Suppose, we want to handle these cases where the argument is zero and return 0 instead of *-Inf* or *NaN*. Then we will be adding an if condition as below:

```
getNc2 = function(vc, ec)
{
# if no vertices return 0
if(vc <= 1) return (0)
# compute nC2 and return the ratio
max_ec = vc * (vc-1) / 2
return (trunc(ec * 100 / max_ec))
}
```

Now, the earlier calls will return 0 correctly as shown below:

```
> getNc2(0, 0)
[1] 0
> getNc2(0, 5)
[1] 0
```

However, the if condition introduces a new problem. *if* in R is not a vector-compatible opration. It works only for scalar inputs and as such our method hence fails on vector inputs. For example:

```
> getNc2(c(5,0), c(4,5))
[1] 40 -Inf
Warning message:
In if (vc <= 1) return(0) :
the condition has length > 1 and only the first element will be used
```

Now, there are couple of ways you can address this problem. One would be to use *apply* constructs - but they can be overkill oftentimes. Other way is, using *ifelse* instead of *if* etc. vector-capable operations explicitly. That would work, provided you have the option to change the source. What about cases where you are using a method from some package and you cannot change the method ?
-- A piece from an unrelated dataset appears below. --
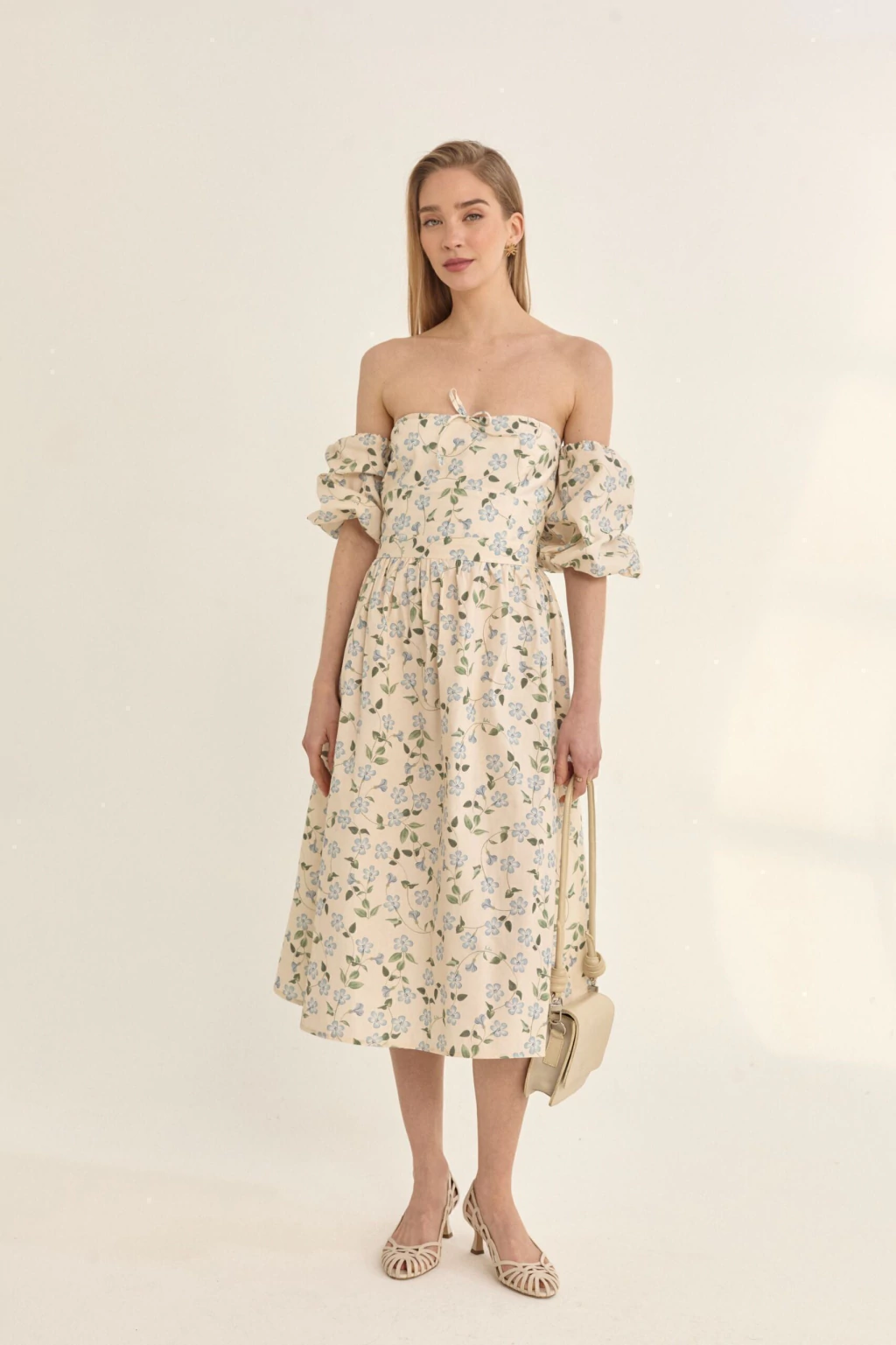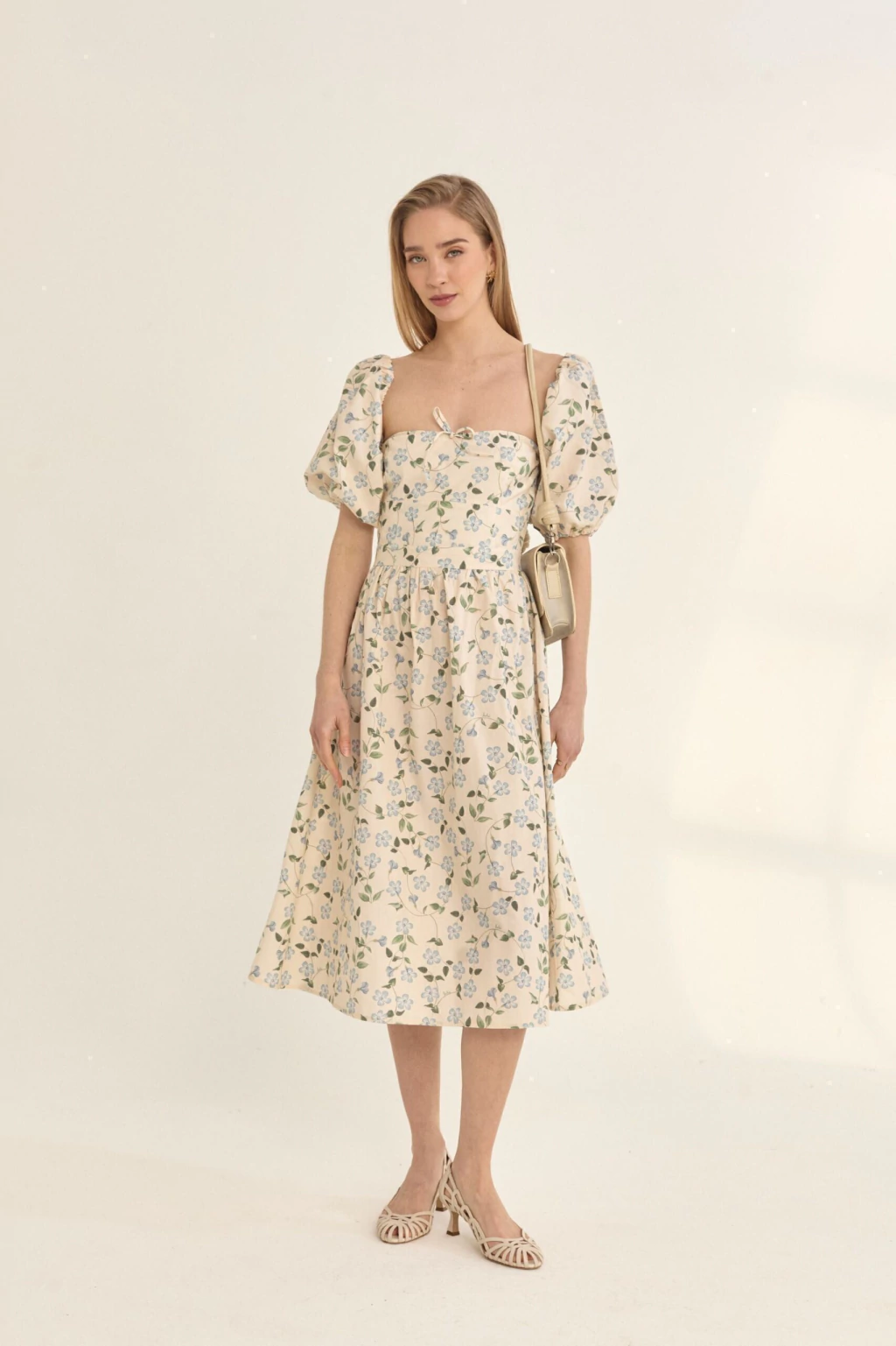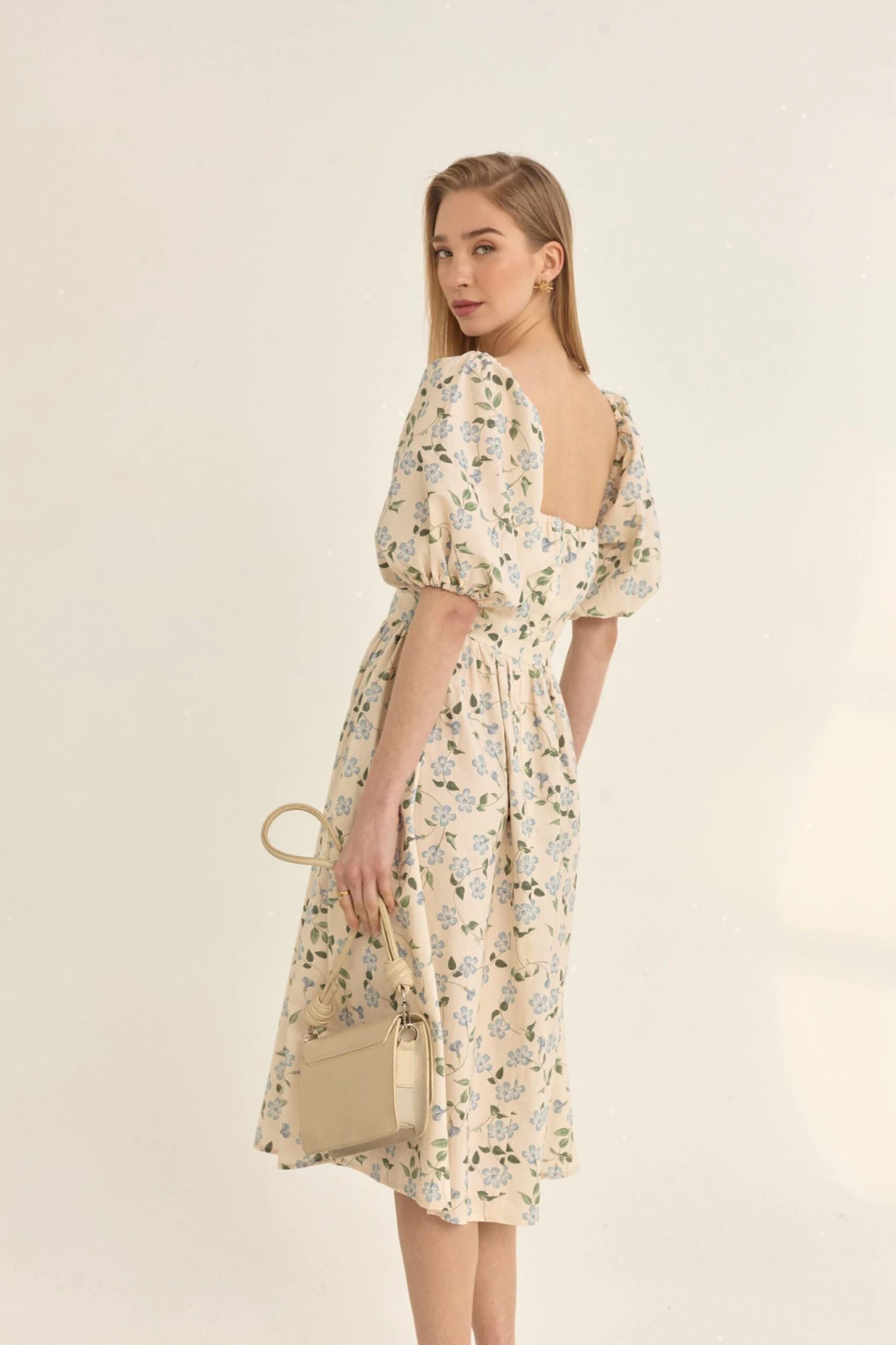 El vestido No me olvides posee una estampa por metro exclusiva de Lulú, inspirada en la flor "no me olvides". Tiene un corte a la cintura, y una falda larga evase. Las mangas son abullonadas y tienen un elastico para sostener su forma en el hombro y en el brazo. El contorno del busto tiene un elastico y un cordon de la misma tela que ayuda a sostener y regular el vestido en la parte del busto. El vestido tiene un cierre invisible en la espalda, y dos cintas laterales en los hombros que se pueden utilizar para sostener el vestido en percha o para sostener las mangas en su posicion.

Take the method *get.edge* from *igraph* package, for example. It accepts an edge id and returns the vertices for that edge. However, if you supply a vector of edge ids, it will not work - it just returns the vertices for only the first edge, as can be seen from the below output:

```
> cg <- erdos.renyi.game(8, 0.6)
> get.edge(cg, 13)
[1] 4 6
> get.edge(cg, c(13,15,16))
[1] 4 6
```

How do you make these kind of methods work for vector inputs as well as scalar inputs? R has a nice base method under its sleeve that exactly addresses this problem. Named *Vectorize*, it helps in these situations - coverting scalar methods to vector methods.
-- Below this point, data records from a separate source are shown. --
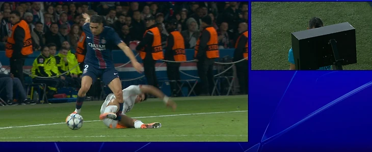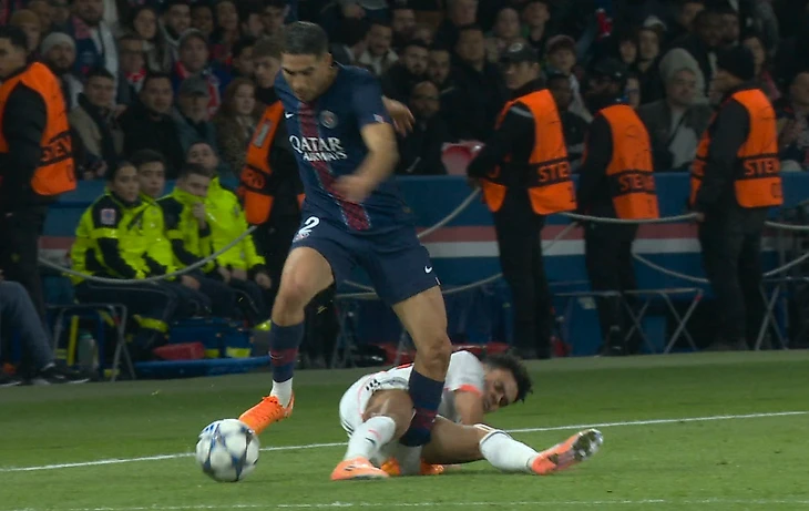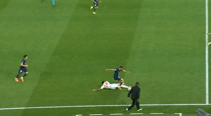 Это было еще на половине «ПСЖ» – и колумбиец бросился в ноги сопернику, причем сзади. Так это выглядело с телекартинки: Венсан Компани, находившийся в метре от эпизода, намекал на симуляцию и показывал, чтобы Хакими вставал.
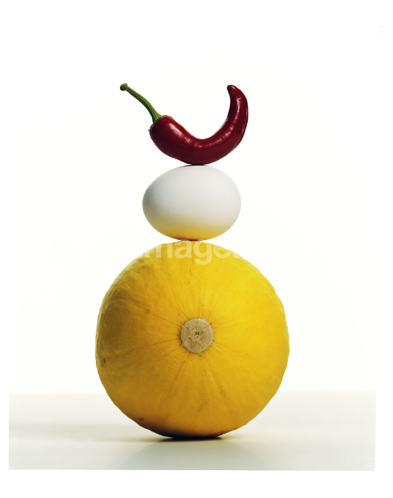 - food, fruits, vegetables, eggs, pepper fruit, melon, still life, three, yellow, form
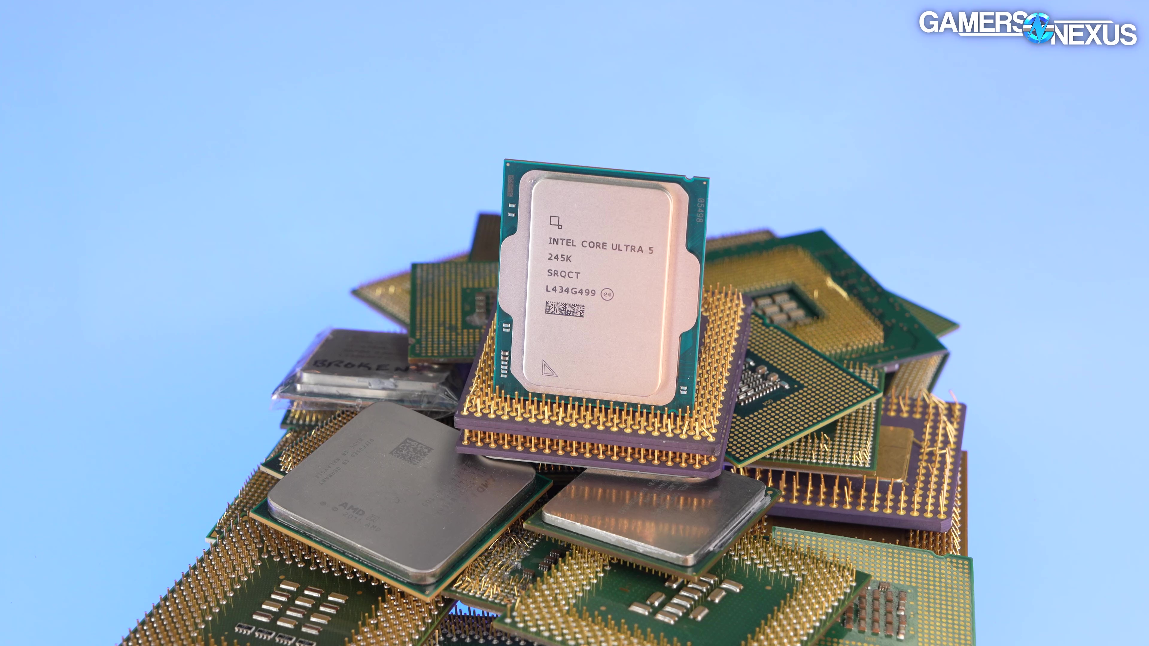 Now we’re reviewing the Intel Core Ultra 245K CPU, which you can think of as sort of a 15600K, just with a new name. This is a 6 P-core, 8 E-core part with 14 total threads. It’s priced at $310 MSRP and is meant to be a new mainstream gaming part.
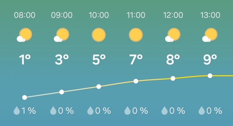 Es ist gegen morgen sehr kalt (0°) geworden und die Heizung kämpft dagegen an. Die Vorhersage lässt trotzdem einen schönen Tag erhoffen.
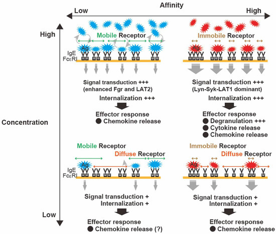 Those studies were performed using concentration- and valency-adjusted agents. The Ag properties and their interactions with IgE are important for determining FcεRI dynamics and the initiation of subsequent cellular reactions, as discussed below in Section 2.3.
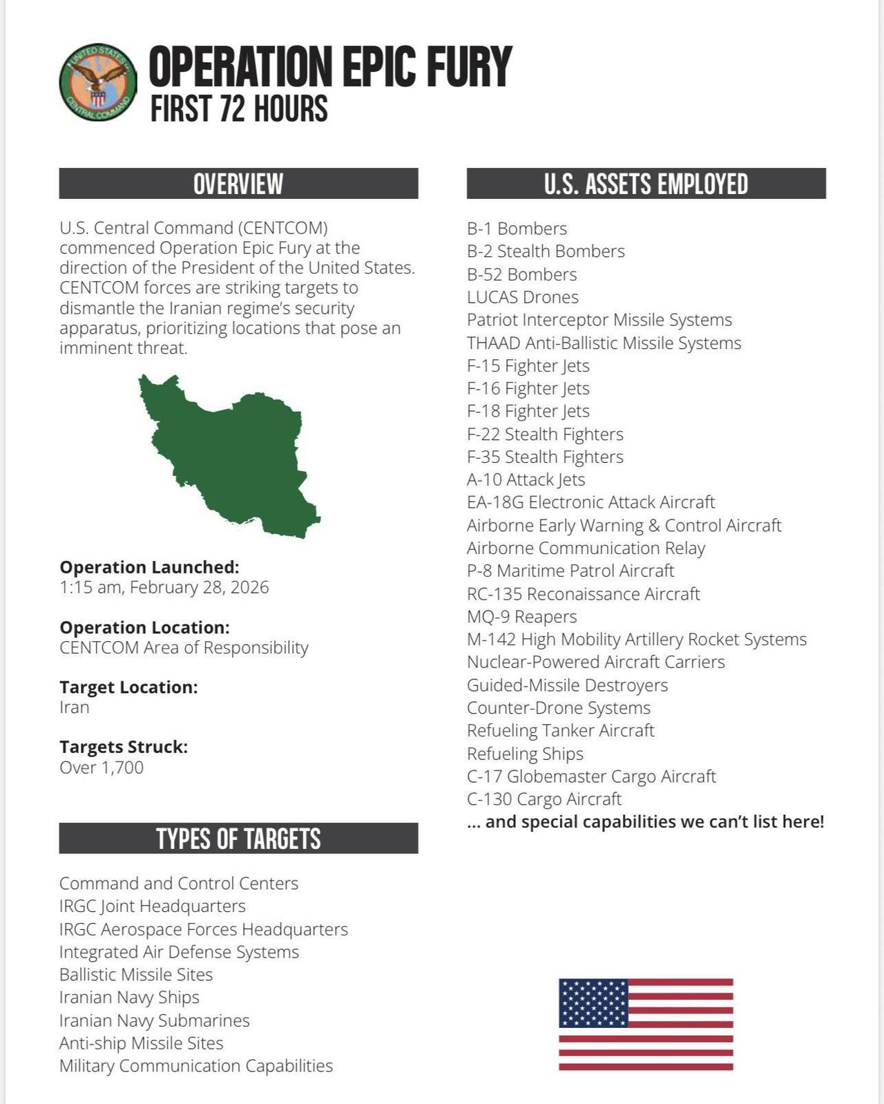 In the first 72 hours of Operation Epic Fury, U.S. forces conducted more than 1,700 strikes across Iran on high-value IRGC military assets and leadership. These strikes relied heavily on air-delivered munitions, including bombs, air-launched rockets, and missiles deployed from stealth fighter jets, stealth bombers, fourth-generation fighter jets and bombers, as well as guided-missile destroyers.

*Vectorize* creates a function wrapper that vectorizes the action of its argument function. For example, we can vectorize our *getNc2* method as shown below:

```
> Vectorize(getNc2)(c(5,0), c(4,5))
[1] 40 0
```

Instead of directly calling *getNc2*, we are rather creating a wrapper around it by calling *Vectorize* method with *getNc2* as its argument, and supplying the original vector inputs to the resultant function. In other words, the above is same as:

```
> vecNc2 <- Vectorize(getNc2)
> vecNc2(c(5,0), c(4,5))
[1] 40 0
```

Remember, the vectorized *vecNc2* method works perfectly fine on scalar inputs too. For example:

```
> vecNc2(5, 4)
[1] 40
```

By default *Vectorize* tries to vectorize all the arguments of the supplied method, which may not work sometimes. For example, the earlier example of *get.edge* in *igraph*:

```
> vecGE <- Vectorize(get.edge)
> vecGE(cg, c(13,15,16))
Error in function (graph, id) : Not a graph object
```

Here the *get.edge* method is accepting two inputs, one the graph object itself and the second the edge id - and we want to vectorize only the second argument, namely the *id* argument and not the graph object. For this, we would have to use the *vectorize.args* facility of *Vectorize* method as shown below:

```
> vecGE <- Vectorize(get.edge, vectorize.args="id")
> vecGE(cg, c(13,15,16))
[,1] [,2] [,3]
[1,] 4 1 2
[2,] 6 7 7
```

This is a simplified output of the *Vectorize* method. We can use the *SIMPLIFY* facility of *Vectorize* method to get the original results unaltered. For example:

```
> vecGE <- Vectorize(get.edge, vectorize.args="id", SIMPLIFY=FALSE)
> vecGE(cg, c(13,15,16))
[[1]]
[1] 4 6
[[2]]
[1] 1 7
[[3]]
[1] 2 7
```

Note, this is same as the *lapply* output.

```
> lapply(c(13,15,16), function(id) get.edge(cg, id))
[[1]]
[1] 4 6
[[2]]
[1] 1 7
[[3]]
[1] 2 7
```

So go ahead and use *Vectorize* whenever you want to avoid *lapply* constructs for methods that accept only scalar inputs.